An information processing device according to one aspect includes: an obtaining unit which obtains a source code including a code which defines Forward processing of each layer constituting a neural network; a storage unit which stores an association relationship between each Forward processing and Backward processing associated with each Forward processing; and an executing unit which successively executes each code included in the source code, and which calculates an output value of the Forward processing defined by the code based on an input value at a time of execution of each code, and generates a reference structure for Backward processing in a layer associated with the code based on the association relationship stored in the storage unit.

Furthermore, a computer program according to one aspect causes a computer to function as: an obtaining unit which obtains a source code including a code which defines Forward processing of each layer constituting a neural network; a storage unit which stores an association relationship between each Forward processing and Backward processing associated with each Forward processing; and an executing unit which successively executes each code included in the source code, and which calculates an output value of the Forward processing defined by the code based on an input value at a time of execution of each code, and generates a reference structure for Backward processing in a layer associated with the code based on the association relationship stored in the storage unit.
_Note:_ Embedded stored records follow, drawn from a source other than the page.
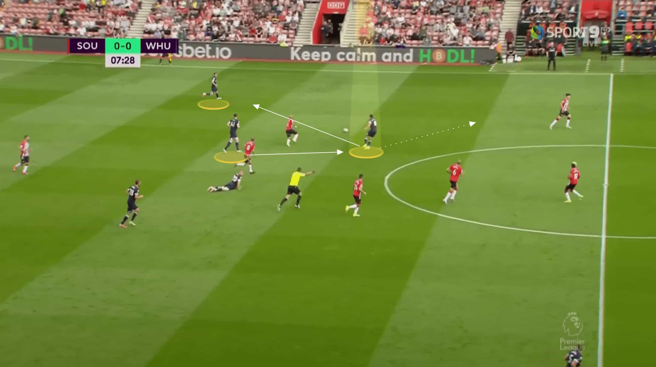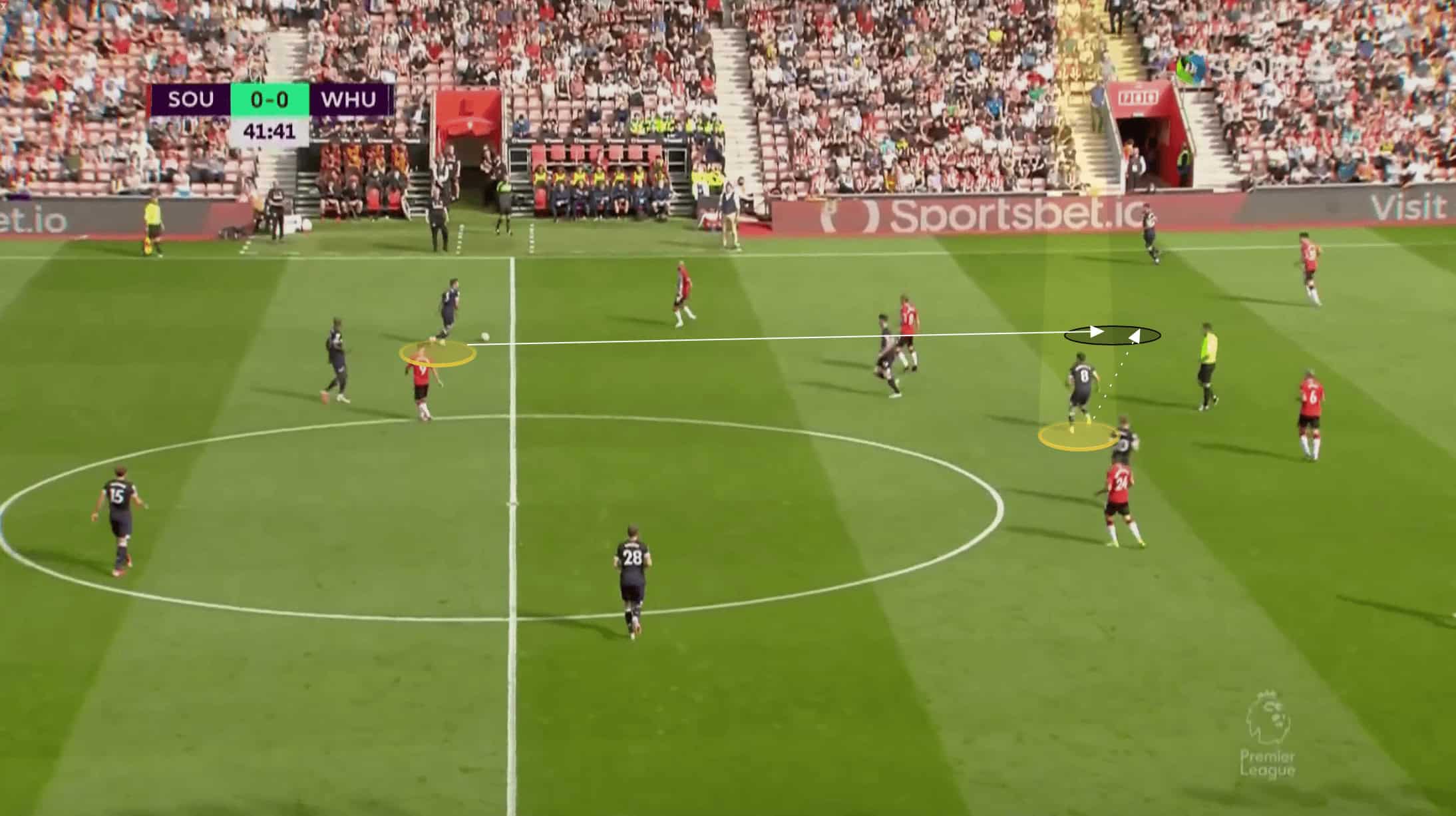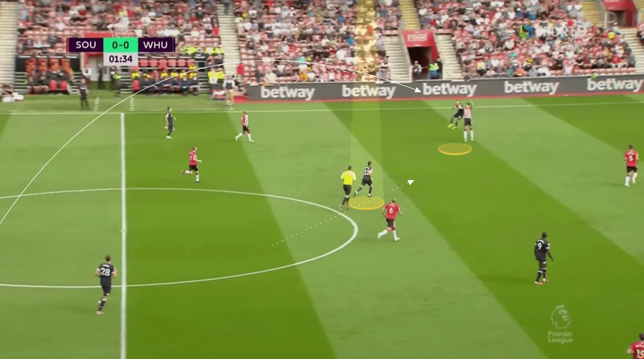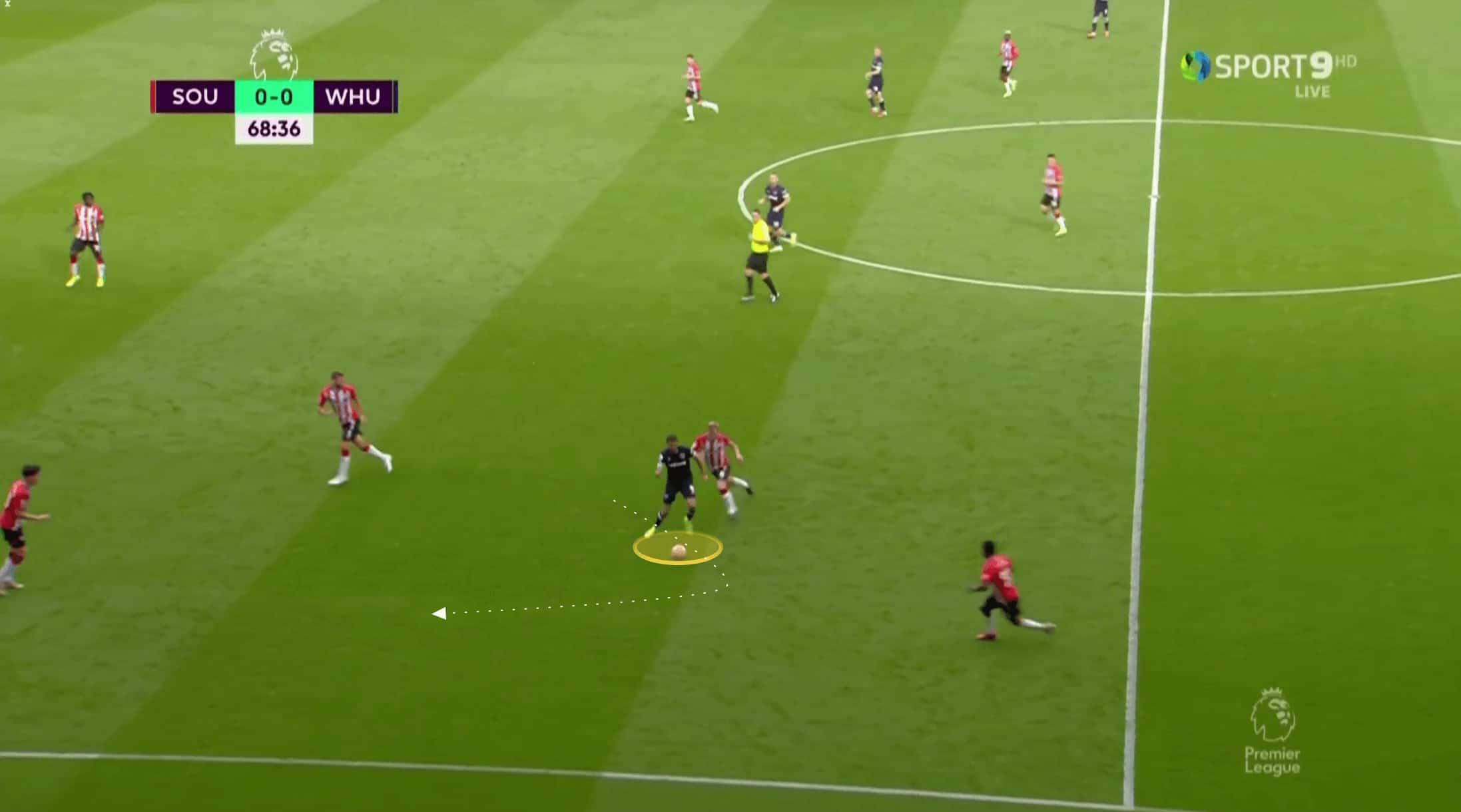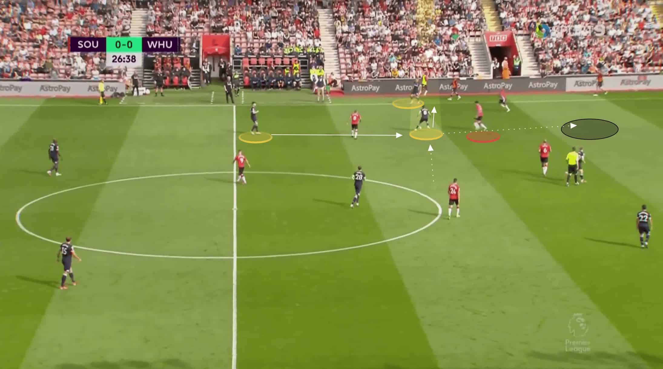 These most frequently come from him starting central, using the high positioning of left-back Aaron Cresswell to draw the opposition full-back slightly further forward, or at the very least occupy the opposition right-winger. If Cresswell doesn’t push forward then Fornals will happily rotate with midfield teammates, having them occupy the left flank whilst he sits inside. This pattern occurs in the image below.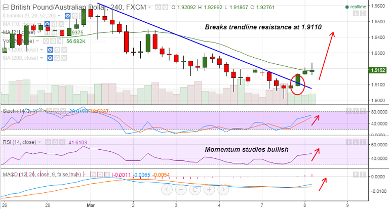 GBP/AUD has broken strong trendline resistance at 1.9110 levels, we see scope for test of 0.93 levels.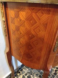 comodino in radica di noce con tre cassetti e decoro molto bello 70 di altezza 60 di larghezza e 38 di profondità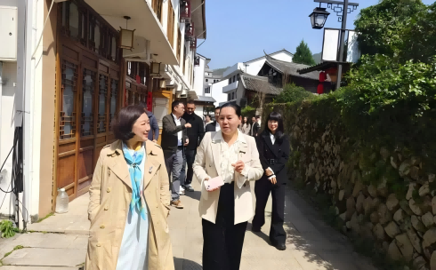 蔣勝男(左一)在溫州瑞安調(diào)研基層減負(fù)情況。
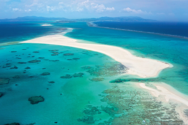 潮の満ち引きによって現れる、「幻の島」とも呼ばれる浜島。小浜島と竹富島の間の位置にあり、真っ白な砂浜と透き通るような海は、非日常的で開放感に満ち溢れ、八重山屈指の絶景スポットとして人気の景勝地。
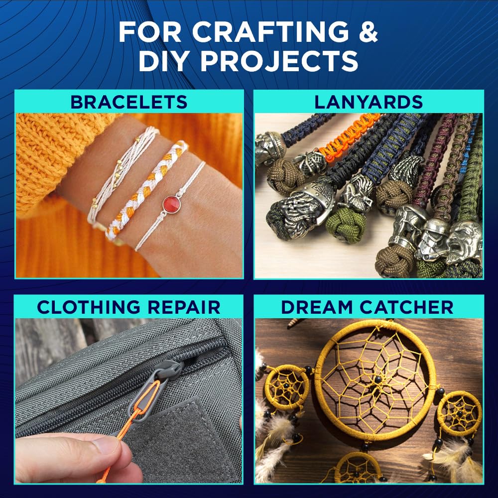 - MULTIPURPOSE: Great for arts and crafts applications, making bracelets, keychains, lanyards, dream-catchers, jewelry, home decor and other DIY projects. It is widely used for household repairs, like repairing parts of wind chimes, emergency kits, tarp tie-downs, and outdoor activities like camping, hiking and fishing.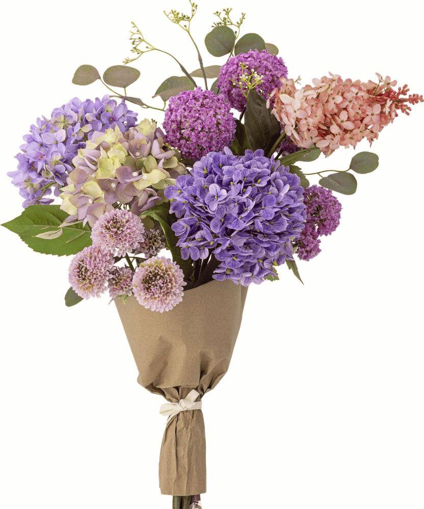 Buketten er sammensat af kunstige blomster i poly, der fremstår utroligt naturtro og levende. De lilla toner danner en harmonisk base, mens de fine rosa og lysegule accenter tilføjer dybde og variation til det samlede udtryk. Dybgrønne blade og eukalyptusgrene kompletterer arrangementet og giver buketten et autentisk og frodigt look. Hele buketten er smukt indpakket i brunt papir, hvilket giver den et rustikt og charmerende præg, der er klar til at blive præsenteret i din yndlingsvase.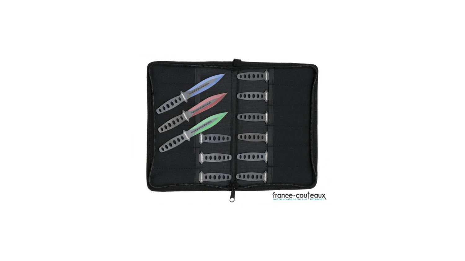 Ensemble de 12 Kunais de lancer noir avec lame colorée et étui en nylon noir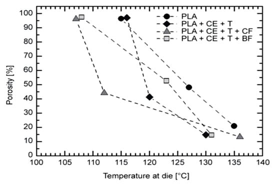 - Rokkonen, T.; Peltola, H.; Sandquist, D. Foamability and viscosity behavior of extrusion foamed PLA—pulp fiber biocomposites. J. Appl. Polym. Sci. 2019, 136, 48202. [Google Scholar] [CrossRef]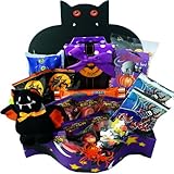 We deliver Halloween fun for your little goblins, even when you're miles away. Open the lid to this fantastic detailed bat gift box to discover all the yummy treats tucked inside Spooky Snickerdoodle Cookies, Cob Web Cotton Candy, Happy Halloween Butter Toffee Popcorn, Witches Bite Size Pretzel Twists, Halloween Candy Tarts, and an assortment of Gummi Body Parts, treat bag of Fun Size Halloween Candy, an assortment of Bat Rings and even a 4" plush keepsake Bat to make Halloween extra fun. After the goodies are gone, this great gift box can be used for a fantastic Halloween decoration for years to come. Each gift is hand crafted with attention to detail and includes a personalized gift card message from you. Manufactured by Art of Appreciation Gift Baskets.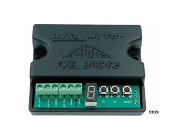 The Fuel Bridge wires in between your fuel level gauge and sending unit and allows you to use any AutoMeter fuel level gauge with any stock or aftermarket sending unit. The triple push button with LED display allows for easy set up. This unit is a compact size at 3 1/8" wide x 2 1/2" tall x 3/4" thick. A low fuel level warning is available at 10% and off at 15%. It can turn on an LED or relay.
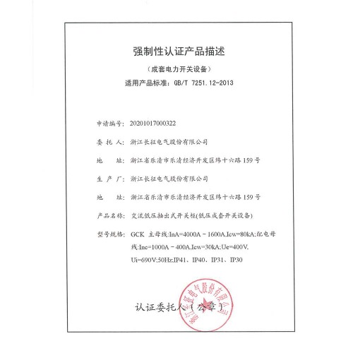 GCS低压配电屏(低压成套开关设备)强制性认证产品描述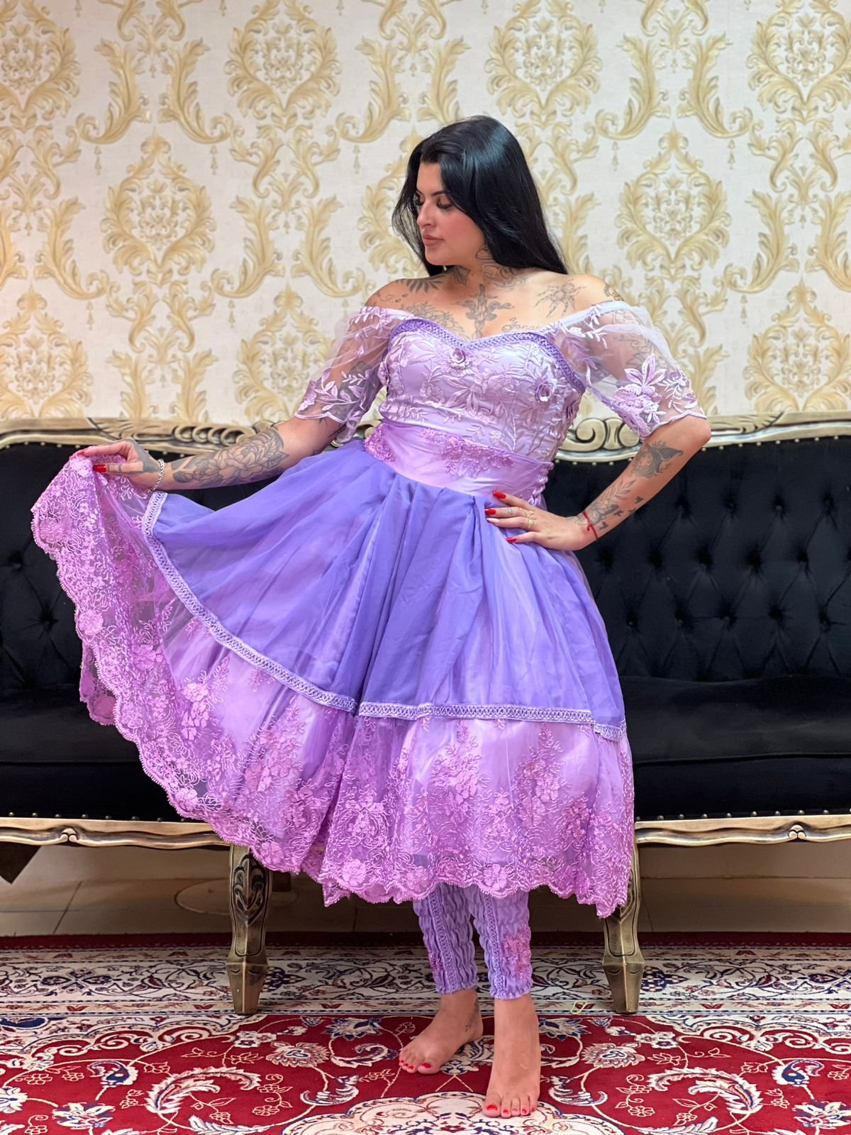 Saia 1 babado Curta Voal/Tule Lilas 584

For advantageous effects, the various embodiments of the present invention can provide an information processing device and an information processing method which efficiently execute machine learning.

Various embodiments of the present invention will be described below with reference to the accompanying drawings. In addition, common components in each drawing will be assigned the same reference numerals. First, an information processing device according to an embodiment (a learning device which is an example of the information processing device will be described below) will be described in Part 1. Then, a method for implementing in a built-in chip (built-in semiconductor integrated circuit) an algorithm implemented in the information processing device according to the embodiment will be described in Part 2.

A machine learning algorithm including deep learning is usually formulated as a minimization problem of a total sum of loss functions defined per model. The loss function refers to an index expressed by an error between a model output and a correct answer in a given learning data sample. In this case, a series of processes of inputting data to a model, obtaining an output and comparing the output and a correct answer is referred to as a calculation graph, and a result of this processing is the loss function. The minimization problem of the loss function can be solved by a general method called a gradient method as long as a gradient obtained by differentiating the loss functions can be calculated.

When implemented as a calculator program, there is a method for coding all of the loss function and the gradient by itself. However, it is generally difficult to calculate a gradient of a complicated model, it is usually difficult to explicitly obtain a calculation equation and it is not possible to directly describe the calculation equation as a program. Therefore, there is a second method for using calculation libraries such as Caffe (http://caffe.berkeleyvision.org/), Torch (http://torch.ch/) and Theano (http://deeplearning.net/software/theano/). In addition, the entire contents disclosed in these URLs is incorporated in this description by reference.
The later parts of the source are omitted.